La poésie italienne du XVIe siècle domine cette période, entraînant un renouvellement profond des mesures espagnoles (hendécasyllabes, sonnets, tercets, silvas). Cela affecte également les éléments thématiques : l'idéalisation de l'aimée, les questions bucoliques et pastorales, la nature idéalisée et l'expression du « Moi » lyrique.

Garcilaso de la Vega : le maître de la Renaissance

Garcilaso de la Vega combine l'influence latine avec les thèmes et les formes de la Renaissance. Sa langue poétique se distingue par sa transparence et l'usage de topoï tels que le locus amoenus (beaux paysages), l'idéalisation de la beauté féminine et le carpe diem (vie éphémère).

Ses Églogues sont des poèmes bucoliques majeurs :

  • E1 et E2 : Salicio et Nemoroso y déplorent la mort d'Elisa et l'infidélité de Galatée dans une fusion de sentiments et de nature pastorale.
  • E3 : Quatre nymphes brodent sur les rives du Tage des tissus évoquant des tragédies amoureuses : trois mythes classiques et un amour contemporain (Elisa et Nemoroso, représentant Isabelle et Garcilaso).

Ses Sonnets font de lui le premier grand maître de cette forme, traitant de l'amour, du chagrin, de la timidité et de la jalousie.

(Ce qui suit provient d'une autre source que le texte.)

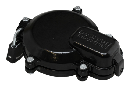
WTCC-Cxxx Cast Iron Series

Parmi ses morceaux choisis, on distingue l'Ode 3 (écrite en exil sur le Danube) et l'Ode 5 (Ode à la fleur de Gnide), qui utilise la lyre pour convaincre une dame de Naples d'accepter l'amour d'un ami.

Le développement du roman : du réalisme à l'idéalisme

Le roman atteint un grand développement au XVIe siècle, culminant avec l'œuvre de Cervantes. On distingue deux types de récits :

  • Le courant idéaliste : Il décrit un monde fictif (paysages et sentiments héroïques), comme dans l'Amadis de Gaule, suivi des cycles d'Amadis de Grèce et de Palmerín d'Olive.
  • Le courant réaliste : Représenté par le Lazarillo de Tormes.

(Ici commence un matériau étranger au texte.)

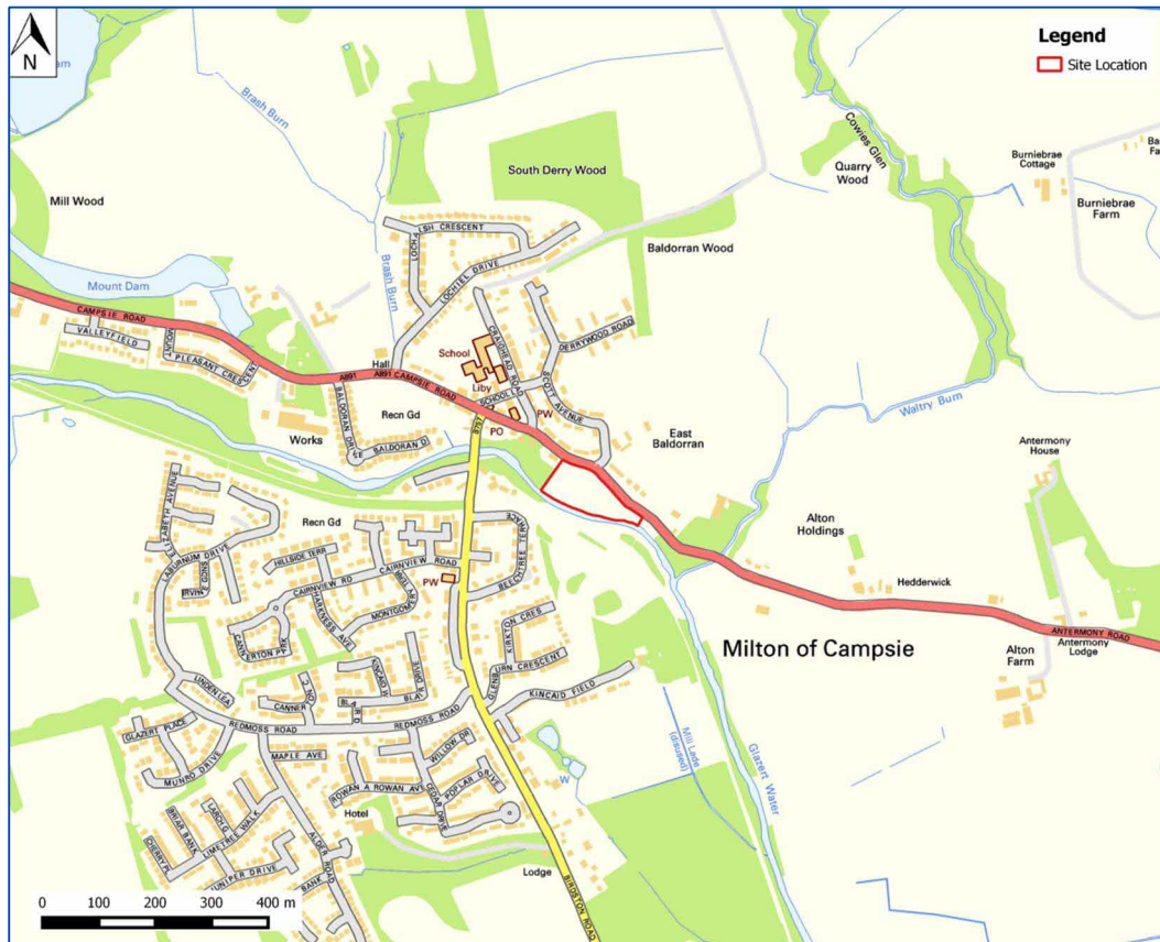
Figure 3-1 Site location

Lazarillo de Tormes et la naissance du picaresque

Le Lazarillo de Tormes (éditions de 1554 à Alcalá de Henares, Médina, Anvers) est une œuvre anonyme, probablement écrite avant 1532. L'anonymat pourrait s'expliquer par la critique acerbe des institutions et l'influence d'Érasme.

L'intrigue se compose d'un prologue et de sept traités. Sous forme autobiographique, Lázaro raconte sa vie à « Votre Grâce » pour expliquer « le cas » (les rumeurs sur l'infidélité de sa femme). Il sert successivement plusieurs maîtres : un aveugle, un clerc de Maqueda, un noble de Tolède, un frère de la Merci, un vendeur de bulles (buldero), un peintre, un aumônier et un huissier, avant de se marier avec la servante d'un archiprêtre.

Thèmes et style : Le roman traite de la faim comme apprentissage, de la critique du clergé et de la fausse religiosité. Il dénonce l'honneur fondé sur l'apparence. Le style inaugure le réalisme, utilisant un langage populaire, coloré et ironique pour offrir une crédibilité narrative.

La littérature religieuse : ascétisme et mystique

L'ascétisme avec Fray Luis de León : Héritier de la Renaissance, il utilise des strophes comme la lyre et des vers heptasyllabes et hendécasyllabes. Sa poésie (environ 30 poèmes) exprime un désir de paix spirituelle et de contemplation de la beauté divine. Ses œuvres en prose incluent De los nombres de Cristo et La perfecta casada.

La mystique avec San Juan de la Cruz : Il décrit l'union unitive de l'âme avec Dieu à travers des poèmes comme la Nuit obscure de l'âme, le Cantique spirituel (inspiré du Cantique des Cantiques) et La Flamme d'amour vive. Son œuvre utilise abondamment l'allégorie, le paradoxe et le symbole pour exprimer le bonheur suprême de l'union mystique.